Writing in Jamhoor, Nafis Hasan explores the tangled historical roots of an acute, and increasingly violent, “identity crisis” in Bangladesh—between Bengali and Muslim identifications: “The identity crisis, arising from the scars of the 1947 Partition and carefully nurtured by political parties in the last five decades for political gains, has brought the specter of authoritarianism once again to haunt Bangladesh.” Then, Hasan accounts for the Bengali left’s struggles to coalesce and present a sustained challenge to the ruling Awami League. “If there is to be a successful mass movement against authoritarian rule,” he contends, “it will come from a synthesis of identities, just as it had for the country’s liberation, not the pyrrhic victory of one over the other.”

In New Statesman, Suzy Schneider parses the political-theology of post-liberalism with an incisive analysis of the nationalist, “political-theological” conservatisms of Patrick Deneen and Yoram Hazony.

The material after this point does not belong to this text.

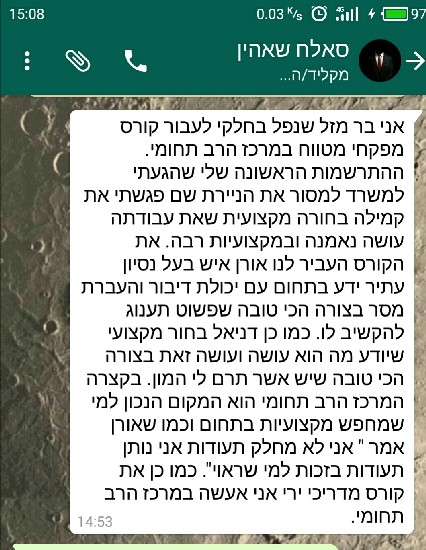 אני בר מזל שנפל בחלקי לעבור קורס מפקחי מטווח במרכז הרב תחומי. ההתרשמות הראשונה שלי שהגעתי למשרד למסור את הניירת שם פגשתי את קמילה בחורה מקצועית שאת עבודה עושה נאמנה ובמקצועיות רבה. את הקורס העביר לנו אורן איש בעל ניסיון עתיר ידע בתחום אם יכולת דיבור והעברת מסר בצורה הכי טובה, שפשוט תענוג להקשיב לו כמו כן דניאל בחור מקצועי שידע מה הוא עושה ועשה זאת בצורה הכי טובה שיש אשר תרם לי המון. בקצרה המרכז הרב תחומי הוא המקום הנכון למי שמחפש מקצועיות בתחום וכמו שאורן אמר ” אני לא מחלק תעודות אני נותן תעודות בזכות למי שראוי”. כמו כן את קורס מדריכי ירי אני אעשה במרכז הרב תחומי

In Deneen’s conceptualization of a Christian America, and Hazony’s of a Jewish Israel, national projects serve to advance the “will of God,” and the dominant political position of the religious majority. Though described as “traditionalists,” these “dangerous minds” aren’t looking backward, Schneider argues, but towards “the advanced technologies of governance—from state schooling to surveillance and criminalization—to create a body politic that accords with their vision of the nation.”